I wasn't trying to be too negative about Tesla in my comment. I was really hoping to make sure everyone that was about to be out of warranty knew what they were getting into and not be so surprised as me. I can assure you that I am real and my VIN is real and I don't hate Tesla. I can't imagine having to drive a car with a transmission again and I'm contemplating whether my next S is used or the newest long range. The Tesla service center gave no option to repair the battery even with the amount of frustration I portrayed to them.

As far as the car, it is still sitting at the Tesla. I spoke to Gruber Motors in Phoenix and I'm going to send it to them to repair. I do appreciate the feedback.
Not sure about others, but I found your thread very interesting and very timely.

We own 2 Model S. My wife's high mileage 2013 P85 will be coming out of warranty shortly and your situation is exactly what we worry about. Like you, we will likely pursue aftermarket options if our battery fails after the warranty expires.
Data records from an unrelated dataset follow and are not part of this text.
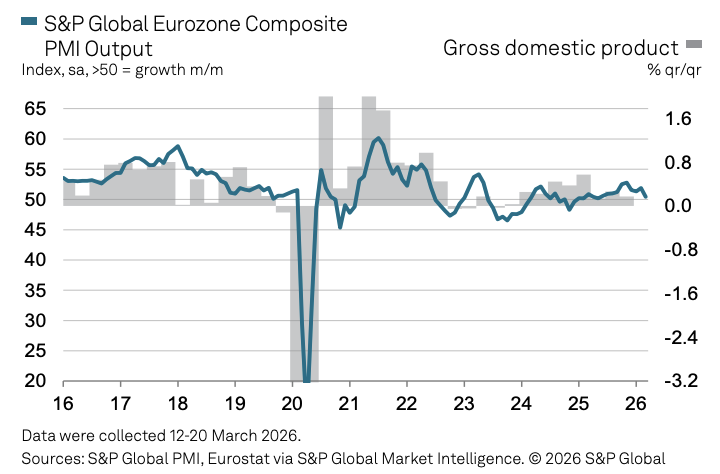 欧元区私营部门举止在3月急踩刹车,详尽PMI降至10个月低点,滞胀风险警报拉响。制造业的未必反弹未能对消工功课的全面走软,而中东往来激勉的动力价钱飙升与供应链压力正从根蒂上重塑欧洲经济出路。
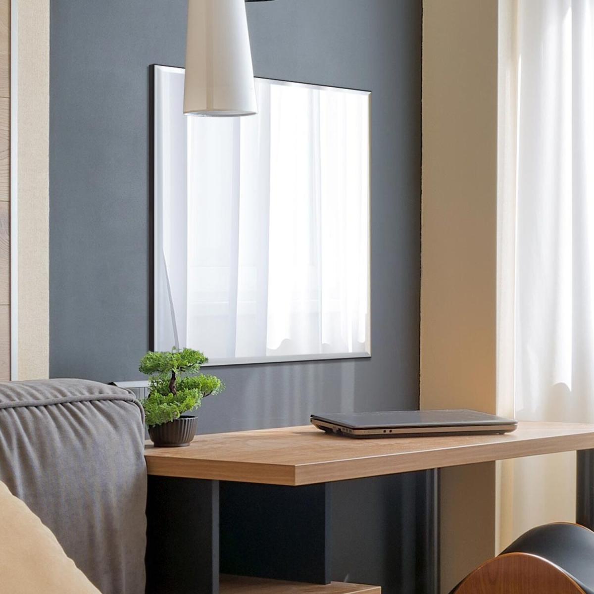 I’d reach for this frameless bevelled Venetian mirror for its clean lines and all-glass finish - at around 68×58cm it’s ideal above a narrow console, dressing table or bathroom vanity without overpowering the space. It suits contemporary, Scandi or mid-century schemes where you want to maximise light and add depth without a bulky frame. For styling, hang it at eye-level centrally over a slim console and flank it with a ceramic vase or a small tray, or lean it against a pale hallway wall. In a bathroom, pair it with simple brass or chrome fittings to keep the look fresh and streamlined.
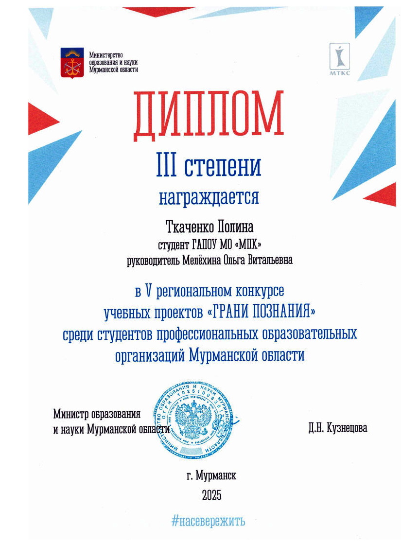 Студентка группы 2П3 Мурманского педагогического колледжа Полина Ткаченко успешно представила свою работу в секции «Информатика, математика, физика» и заняла почетное III место.

For those not believing these things happen with any frequency, I'll add another data point to the mix. Our 2013 P85 (bought in 2015 when they started the CPO program) currently has 244k miles on it. The battery has been replaced twice, once at 190k and again at ~220k. The first time was because the car would basically say we were out of juice and shut off, yet the gauge still showed 40+ miles of range. Tesla checked it out and determined a replacement was needed. The second replacement came when the car started to throw various warnings, the regen brakes stopped working and I was able to limp it to the Service Center.
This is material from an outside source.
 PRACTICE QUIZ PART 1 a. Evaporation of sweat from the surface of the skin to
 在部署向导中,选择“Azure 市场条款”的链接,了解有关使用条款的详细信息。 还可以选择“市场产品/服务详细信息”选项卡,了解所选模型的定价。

We also own a 2019 Raven Performance model that I drive. It's battery just failed last week at 52k miles. I was at a Supercharger and completed charging. I got back into the car to drive away and warning messages started scrolling on the center screen one after the other and the car was beeping at me constantly for each new warning. Before I even got off the phone with Roadside Assistance, the battery showed 0 miles (it was at 299 after the SC session ended). Tesla just confirmed a day ago that they were ordering a reman pack (G revision) for me. I am also lucky that my 2019 was bought a few months before they changed the battery/drivetrain warranty from unlimited miles to 150k miles, so at least I know I'm covered for another 6 1/2 years. The 2019 has taken over the road trip duties once handled by our 2013, so I anticipate adding many more miles to it over the next 6.5 years.

Like you, I am not complaining at all about Tesla. What other company would replace such a major component for us, TWICE, when our mileage was north of 175k? However, our 2013 is in excellent condition and we will shortly need to decide whether to sell it now or hope that if the battery goes that the aftermarket will offer a reasonably priced solution. It was our first Tesla and my wife really loves the car.

Please update the thread with your experience with Gruber when the repair is completed. It is one of the leading options for us if we wind up being in a similar situation and I'd love to hear your experience with them.